■ Exercise requirements
A faithful copy of the data below is required, leaving out every picture.

■ Dataset excerpt
-- Opening Marker --

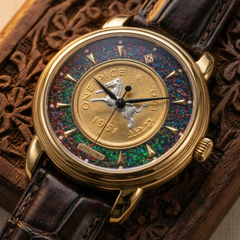 The watch face is adorned with a never used before Opal stone and Aventurine Stone Dial and Black mother-of-pearl dial, adding an element of elegance and sophistication. The luminous quality of the mother-of-pearl complements the vintage charm of the One Pice coin, creating a harmonious blend of history and artistry. The sleek, silver-tone case and black leather strap enhance its timeless appeal, making it a versatile accessory for any occasion.
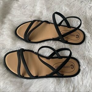 Brand new, no box! Slender, stretchy straps cross the vamp and wrap around the ankle of a breezy sandal set on a barely there wedge. -Brand: Corso Como -Color: Black ❓Questions? Ask me anything! 💰Don’t like the price? Make me an offer!
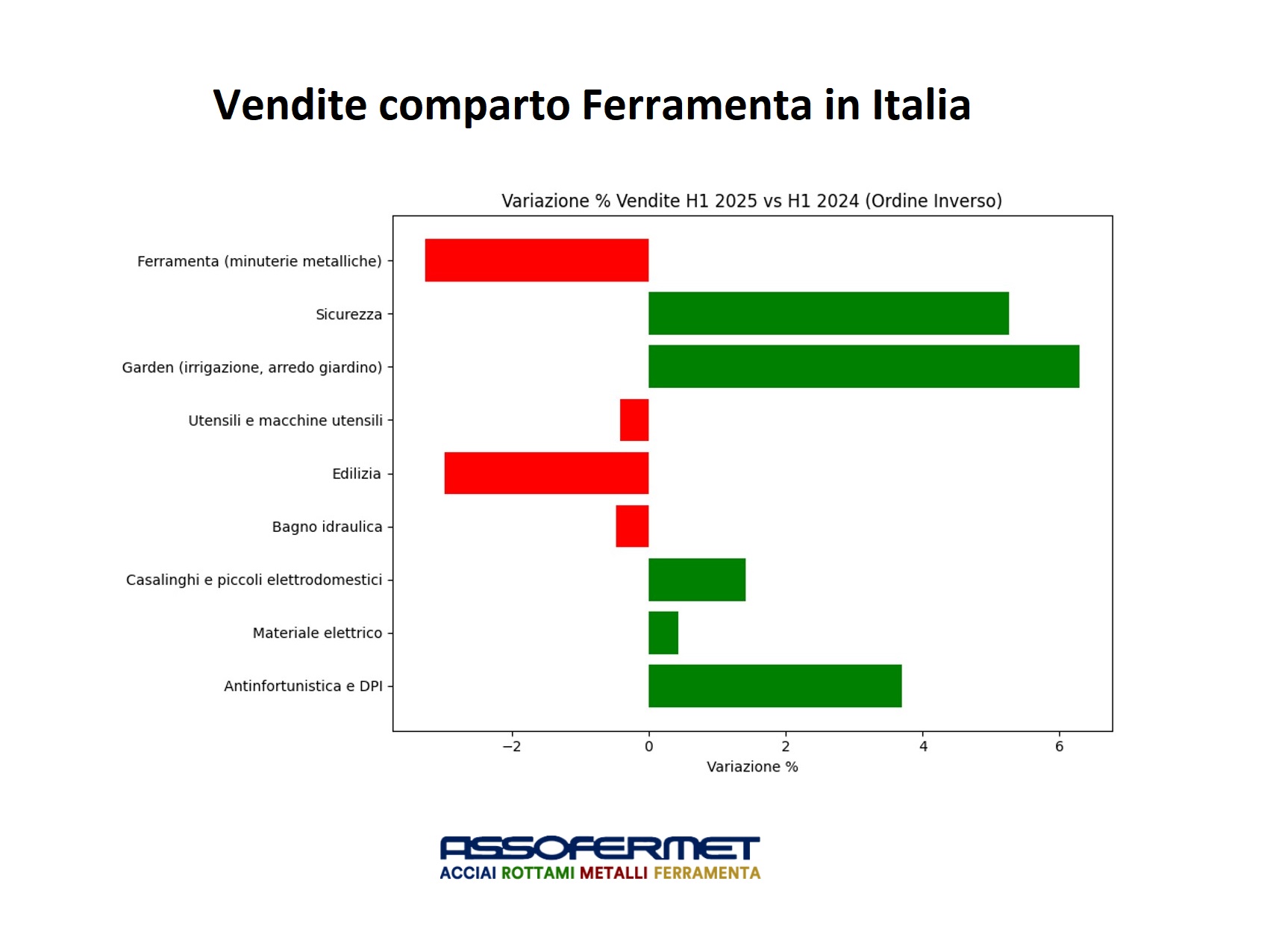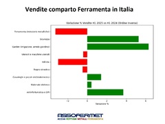 Assofermet ha analizzato l'andamento delle vendite del comparto Ferramenta nel primo semestre 2025, rispetto allo stesso periodo del 2024, suddiviso per settore merceologico.

-- Closing Marker --

■ Answer box
 The watch face is adorned with a never used before Opal stone and Aventurine Stone Dial and Black mother-of-pearl dial, adding an element of elegance and sophistication. The luminous quality of the mother-of-pearl complements the vintage charm of the One Pice coin, creating a harmonious blend of history and artistry. The sleek, silver-tone case and black leather strap enhance its timeless appeal, making it a versatile accessory for any occasion.
 Brand new, no box! Slender, stretchy straps cross the vamp and wrap around the ankle of a breezy sandal set on a barely there wedge. -Brand: Corso Como -Color: Black ❓Questions? Ask me anything! 💰Don’t like the price? Make me an offer!
 Assofermet ha analizzato l'andamento delle vendite del comparto Ferramenta nel primo semestre 2025, rispetto allo stesso periodo del 2024, suddiviso per settore merceologico.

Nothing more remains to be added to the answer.